Reputation: 973
I have a large CSV file that I would like to upload to postgres using datagrip. When I upload it I get the following error for a few records:
11807:98: actual: value separator (,), expected: record separator (\n)
The problem is that there are only 19 columns recognized and that in a very few records there are 20 values. For those records it does not import the record at all. I do want to have all rows in my database.
I thought this would be a peace of cake in python. So I started to work with pandas and loaded the data with the following line:
df = pd.read_csv('filename.csv', sep='delimiter', header=None)
That does contain the file. It is however way more difficult than I expected to either remove all values that are on lines behind the 19 comma, or to just add a full 20th column that I can later delete.

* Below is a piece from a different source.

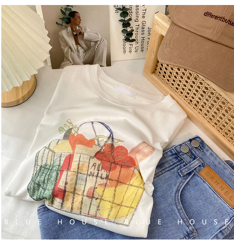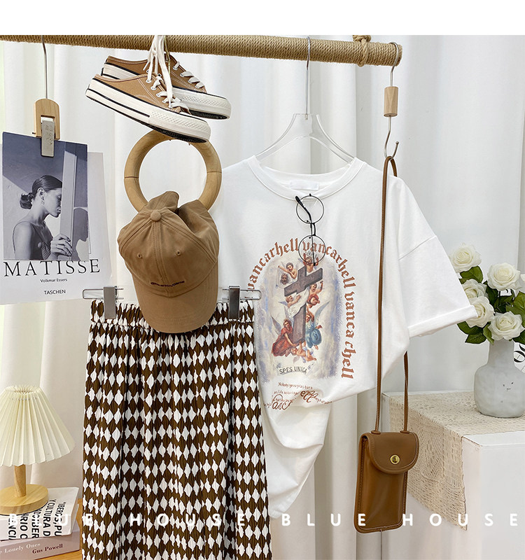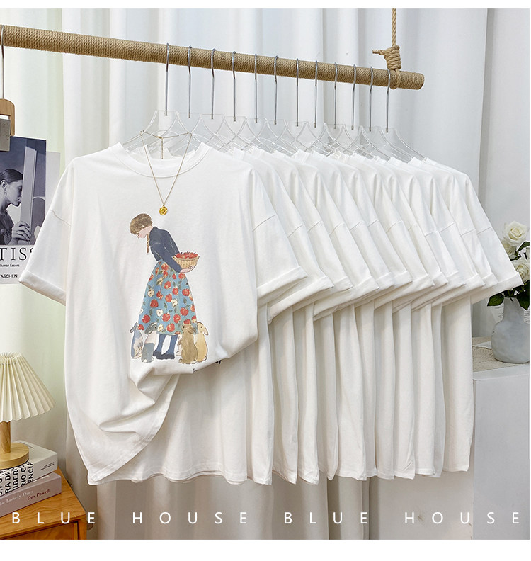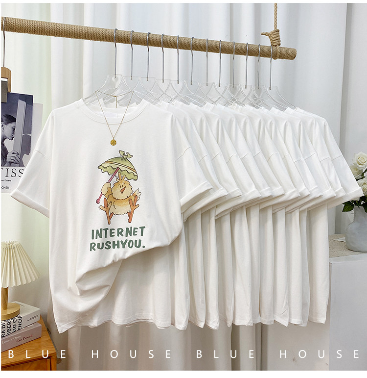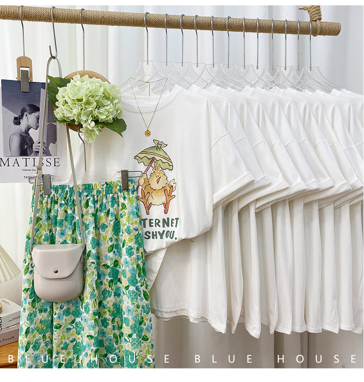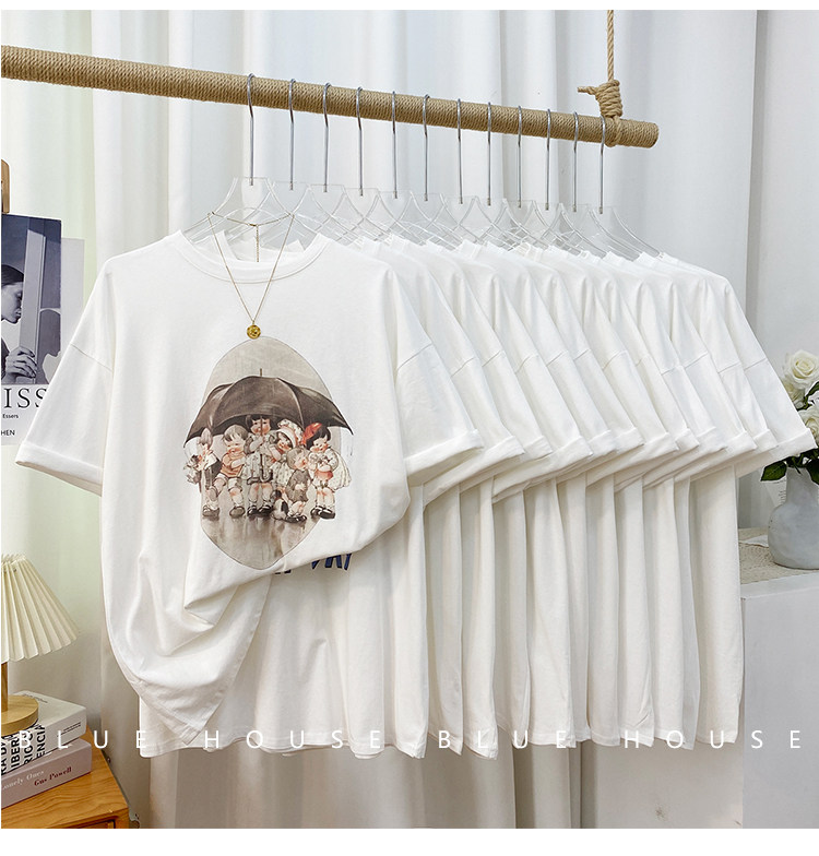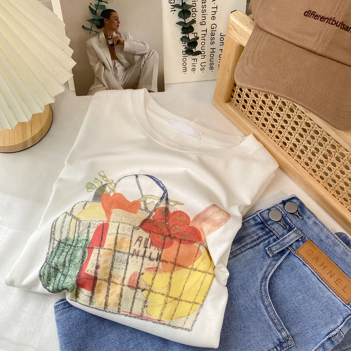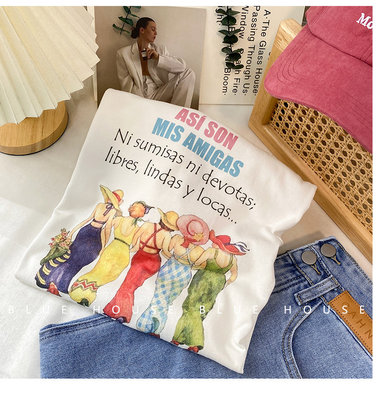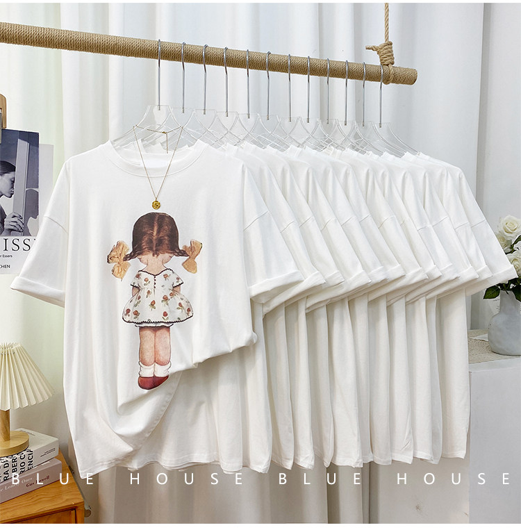 2023新款美式重磅服装印花白色短袖T恤打底衫女夏季宽松大版衣服

It feels like this is a trivial question and I need a push in the right direction.
Upvotes: 0
Views: 1269
Reputation: 12494
Reading it into a dataframe that way buys you nothing since each cell will contain a row of your file.
Use the csv
module, instead, because it does not try to read the file as a table of fixed width.
import csv
with open('filename.csv', 'r') as i, open('fixed.csv', 'w') as o:
cr = csv.reader(i)
cw = csv.writer(o)
for row in cr:
cw.writerow(row[0:19])
Upvotes: 3
Reputation: 31206
This generates a dataframe with 30 columns then drops all columns after column 20.
df = pd.DataFrame({f"col{i}":[1,2,3] for i in range(30)})
df = df.drop(columns=[c for c in df.columns[20:]])
Upvotes: 3